Studie zum Wohlbefinden Ab 60 wird alles wieder gut

Die Lebenszufriedenheit hängt von der Region ab, in der Menschen leben, zeigt eine WHO-Studie. Bewohnern der westlichen Welt geht es dabei klar am besten. Allerdings plagt sie auch eine ausgeprägte Midlife Crisis.
Nicht den Kopf hängen lassen: Mit dem Alter wird auch die Stimmung wieder besser

Nicht den Kopf hängen lassen: Mit dem Alter wird auch die Stimmung wieder besser

Foto: Corbis

Die Lebensmitte ist der Tiefpunkt. Zumindest was die Lebenszufriedenheit der Menschen aus der westlichen Welt angeht. Es geht aber wieder aufwärts. Sobald die 50 überschritten ist und vor allem ab 60 Jahren ist wieder alles fein - die Midlife-Crisis liegt hinter uns. Und das ist nicht nur ein individuelles Empfinden, sondern auch wissenschaftlich belegt. Dies zeigt sich nun in einer Studie im Fachmagazin "The Lancet" , die sich mit dem Altern der Menschen auf der ganzen Welt und den unterschiedlichen Einflüssen auf das Wohlbefinden beschäftigt.

Andrew Steptoe, Angus Deateon und Arthur Stone durchforstete für ihre von der Weltgesundheitsorganisation WHO koordinierte Studie die Daten der Gallup World Poll , einer internationale Umfrage in der jährlich 150.000 Befragte ihre Lebenszufriedenheit auf einer Skala von 1 bis 10 angeben.

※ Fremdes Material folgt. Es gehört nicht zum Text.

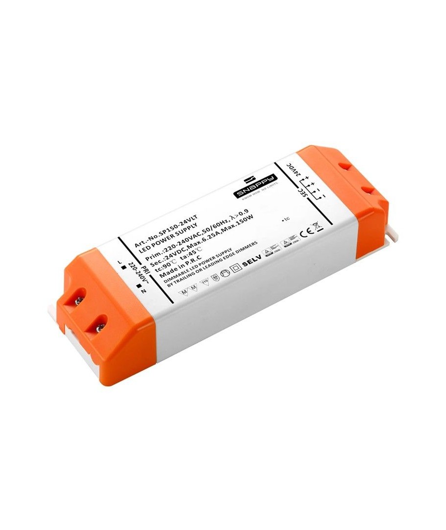 Dimbare kwaliteits LED driver van Snappy van 1-150W die een constante spanning van 24V DC levert - De driver is perfect voor het dimmen van 24V LED strips. Niet aanbevolen voor LED lampen.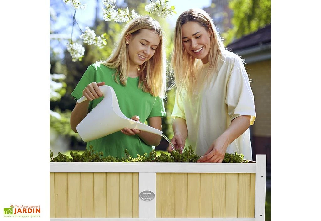 Cette jardinière sur pieds de la marque Axi est idéale pour faire pousser quelques légumes ou plantes aromatiques. Elle mesure 120 cm de long sur 54 cm de large et 94 cm de haut, des dimensions qui facilitent son intégration dans les petits extérieurs et qui vous permettront de jardiner sans avoir à vous baisser. Son bac pourra supporter un poids maximum de 150 kg et un tissu géotextile vous sera également fourni pour tapisser le fond du bac.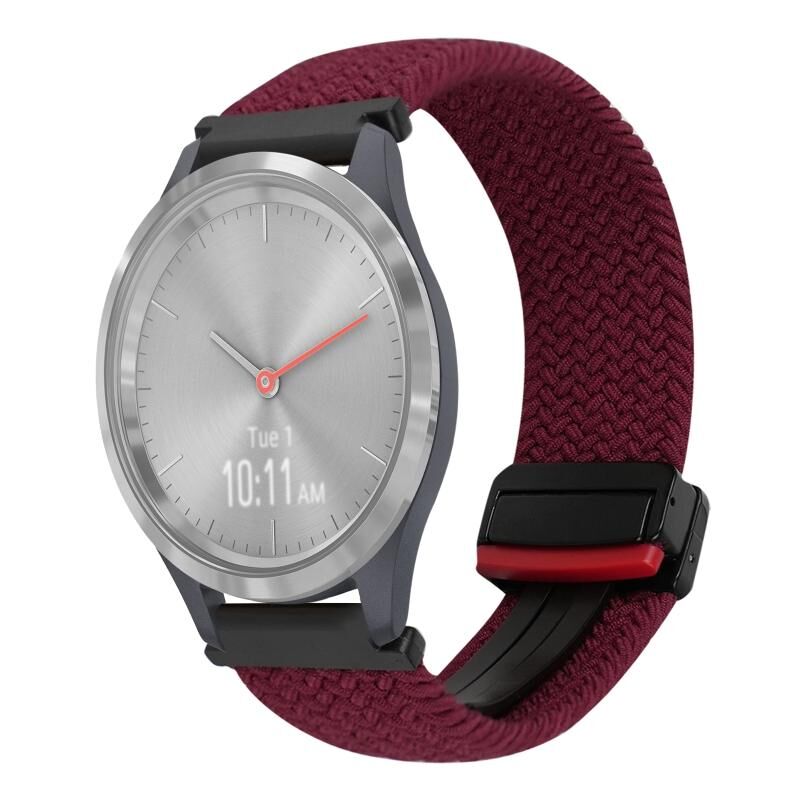 For Garmin Vivomove 3S 18mm Magnetic Buckle Braided Watch Band(Wine Red)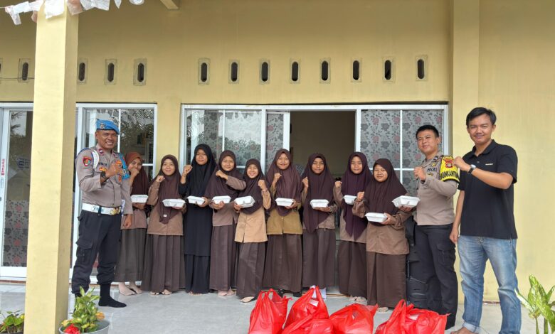 Jumat Berkah, Polsek Lambu Kibang Bagikan Nasi Kotak kepada Santri Pondok Pesantren Nurul Kirom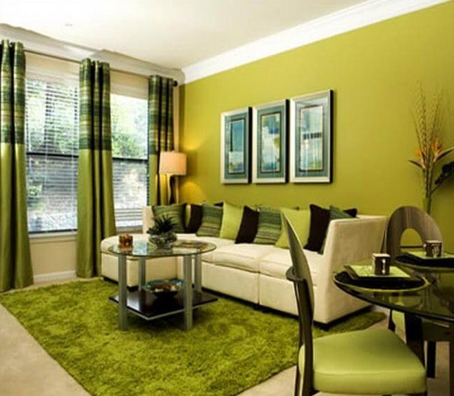 Эта гамма может использоваться не только в качестве дополнения, но и в общем тоне. Причем, чтобы добиться достаточно респектабельного вида зала или спальни, то стоит использовать осеннюю зеленую палитру именно при оформлении стен. Не исключается дополнение и более яркой, летней палитрой зеленого тона, при помощи которого можно расставить акценты.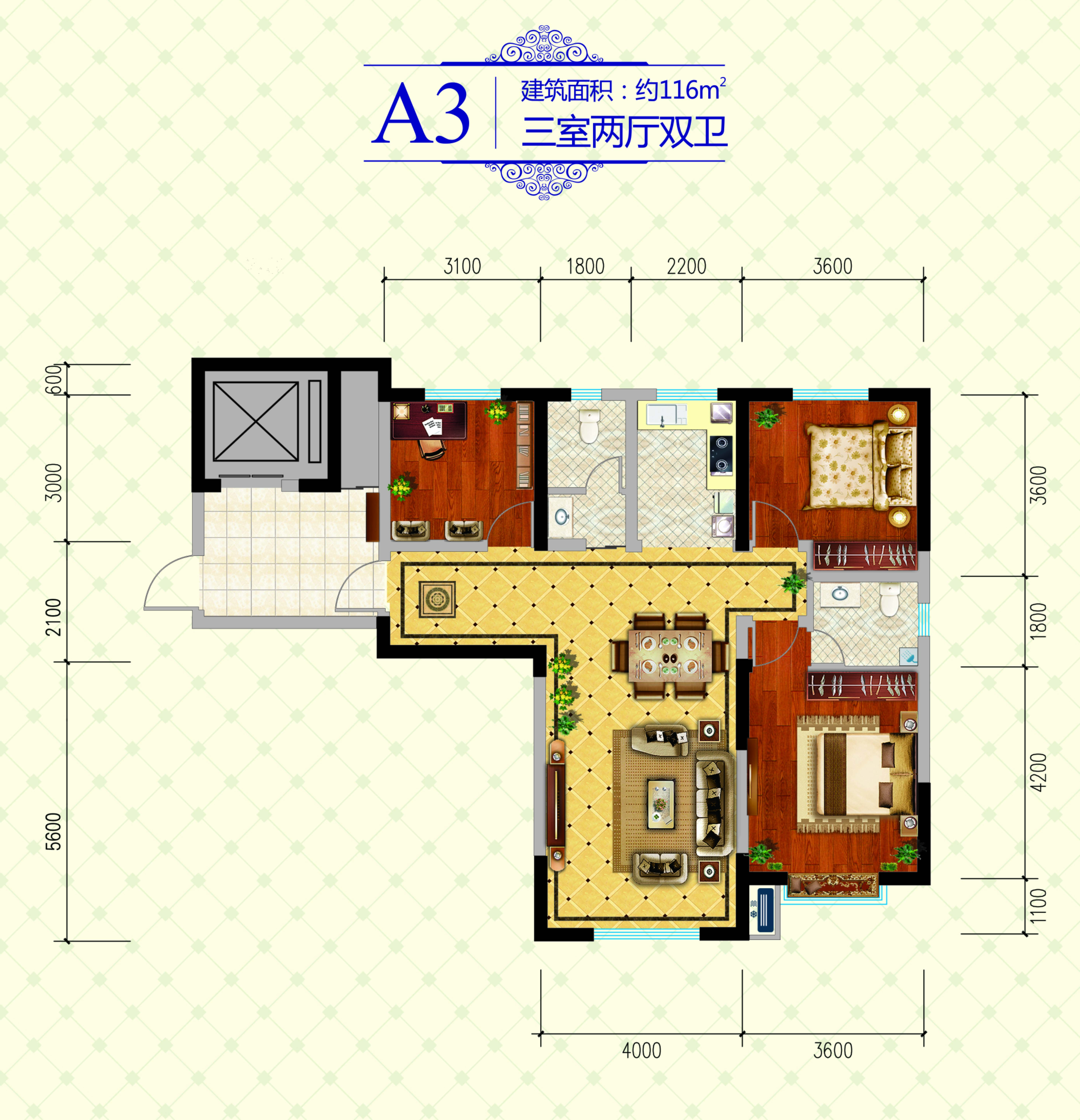 3室2厅2卫-A3户型 116㎡
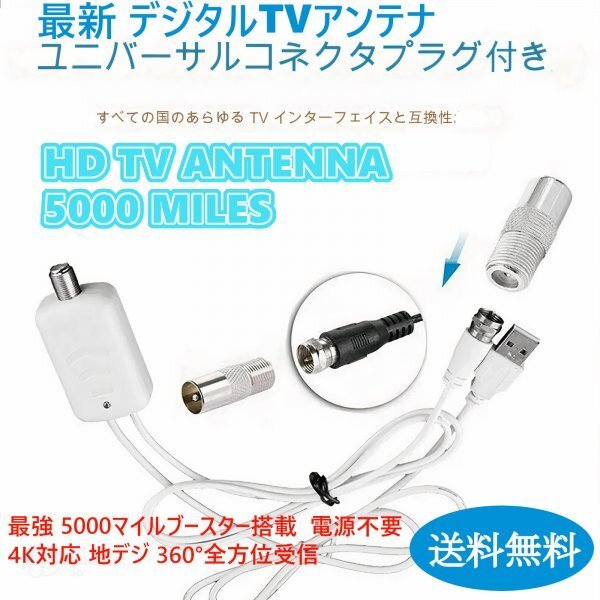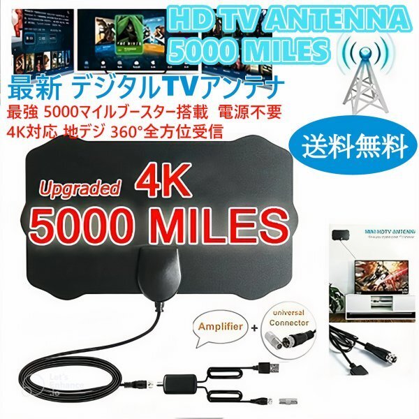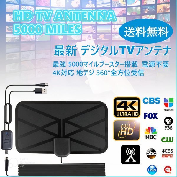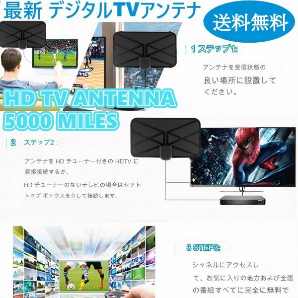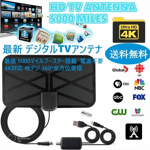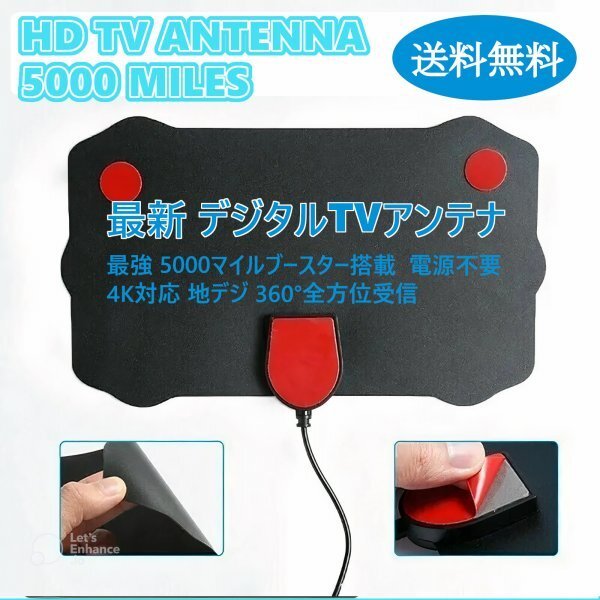 [送料無料] 最新 最強 デジタルTVアンテナ 電源不要 4K対応 最強 5000マイルブースター搭載,ケーブル付 薄型フラット地デジ 360°全方位受信 「最新 最強」 同じように見えてブースターが違います!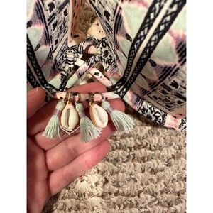 Victoria's Secret Bikini Top 34dd strapless Bandeau Tassel Shell Geo Aztec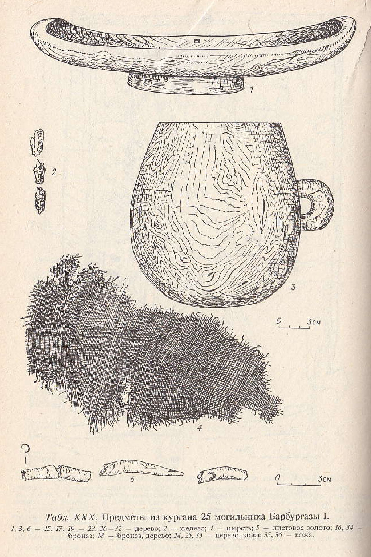 그림 3. 바르부르가지 I유적의 25호(미라무덤) 유물, 1-목제쟁반, 2-칼, 3-목제 잔(손잡이가 둥근), 4-의복조각, 5-목걸이를 둘러싼 금박종이 조각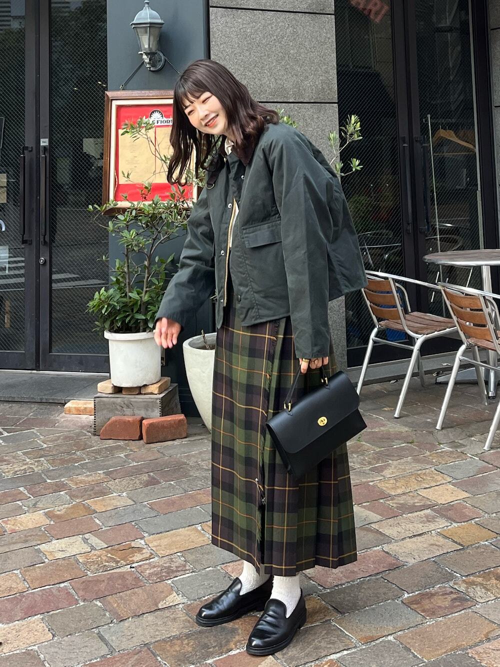 以近日超夯 Barbour 外套混搭格紋裙,帶點復古又帥氣的氛圍,輕鬆營造一股迷人的中性風格,再加入字母上衣合樂福鞋,使穿搭更完整加分。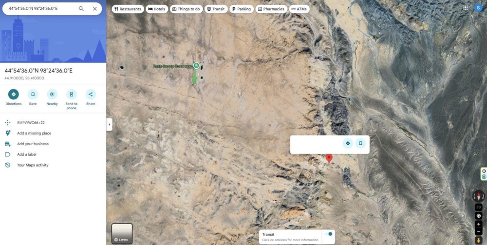 - 57 km southeast of the centre of Chandmani soum, Govi-Altai province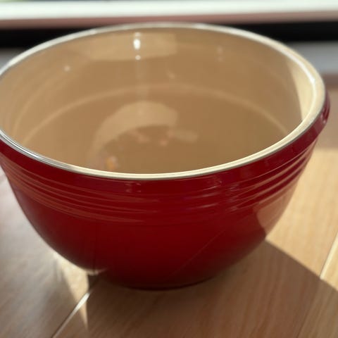 Le Creuset røreskål med hældetud rød stentøj
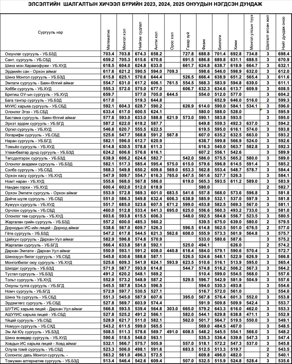 Хүснэгт 1: Элсэлтийн ерөнхий шалгалтын 2023, 2024, 2025 оны эрэмбэ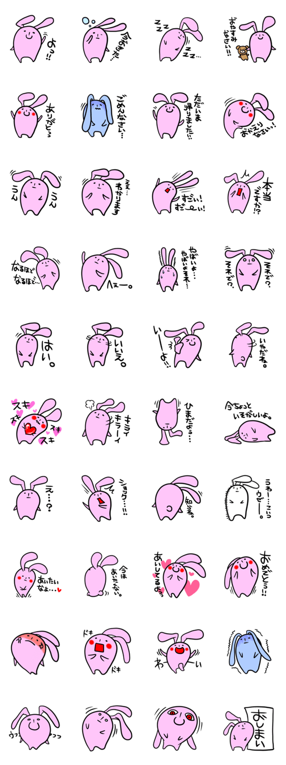 うさぎのウサ一郎。 Y's Studio コメントをどうぞ 無表情な時もあればキュートでかわいい表情を見せる時もある、シュールでゆるいシンプルなピンクのうさぎキャラ、ウサ一郎です!日常的に友達や仕事仲間達と使えますよ! このスタンプどう思う?!↓クリックで投票♪好き (0)かわいい (0)かっこいい (0)おもしろい (0)使いやすそう (0)欲しい (0)萌え (0)ほっこりする (0)おしゃれ (0)ゆるい (0)こわい (0)ウザい (0)キモい (0)ムカつく (0)持ってる (0)癒される (0)セクシー (0)個性的 (0)私は買わない (0)誰かプレゼントして! (0) 購入・プレゼントする Facebookでシェア Twitterでシェア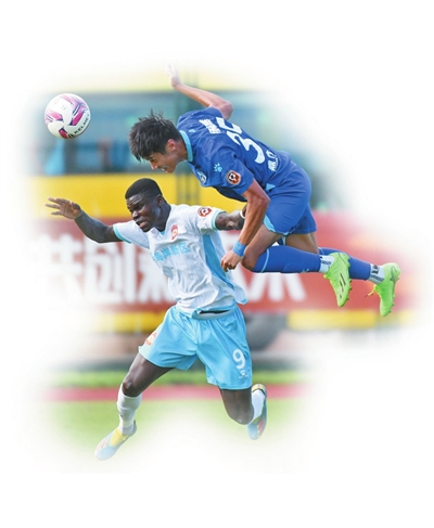青春岛外援瓦尔杜在比赛中争顶(下)。 新华社发

Das Ergebnis: Die Lebenszufriedenheit schwankt von Land zu Land. In der westlichen Welt ist die Lebenszufriedenheit im Abschnitt zwischen 45 und 54 Jahren am geringsten und nimmt dann aber wieder zu. So zeigt die Kurve in Ländern wie den USA und Großbritannien einen u-förmigen Verlauf und erreicht in der Lebensmitte einen Tiefpunkt. In Afrika dagegen sind die Werte konstant niedrig und ändern sich über die Jahre kaum. In Osteuropa, der früheren Sowjetunion und Lateinamerika geht es konstant abwärts - die Lebenszufriedenheit nimmt mit zunehmendem Alter immer weiter ab.

Zufriedenheit in Abhängigkeit vom Alter nach Regionen: Afrika ganz unten, Osteuropa stark fallend

Zufriedenheit in Abhängigkeit vom Alter nach Regionen: Afrika ganz unten, Osteuropa stark fallend

Foto: SPIEGEL ONLINE

Auch die Deutschen haben eine Midlife-Crisis

Für Deutschland haben die Wissenschaftler keine Kurve errechnet. Die Lebenszufriedenheit schwankt hierzulande aber ganz ähnlich wie in den nun analysierten reichen, englischsprachigen Ländern. Aus Deutschland stammende SOEP-Daten  zeigen, dass es auch hierzulande eine Midlife Crisis gibt. Bei vielen Befragten sinkt die Zufriedenheit bis Mitte 50, um in den Folgejahren wieder zu steigen.

Die Forscher vermuten, dass die Wirtschaft ein wichtiger Grund für die Entwicklung der Zufriedenheit ist. So haben die Menschen in der früheren Sowjetunion ein System verloren, dass ihrem Leben einst Halt gegeben hat und auch eine Altersversorgung ermöglichte.

In den westlichen Ländern hingegen verdienen und arbeiten die meisten Menschen in der Lebensmitte am meisten. Dies gehe jedoch auf Kosten der Lebensqualität, schreiben die Forscher. Bei älteren Menschen nimmt der Druck wieder ab. Sofern die Gesundheit nicht beeinträchtigt ist, sind sie in diesem Lebensabschnitt glücklicher und entspannter.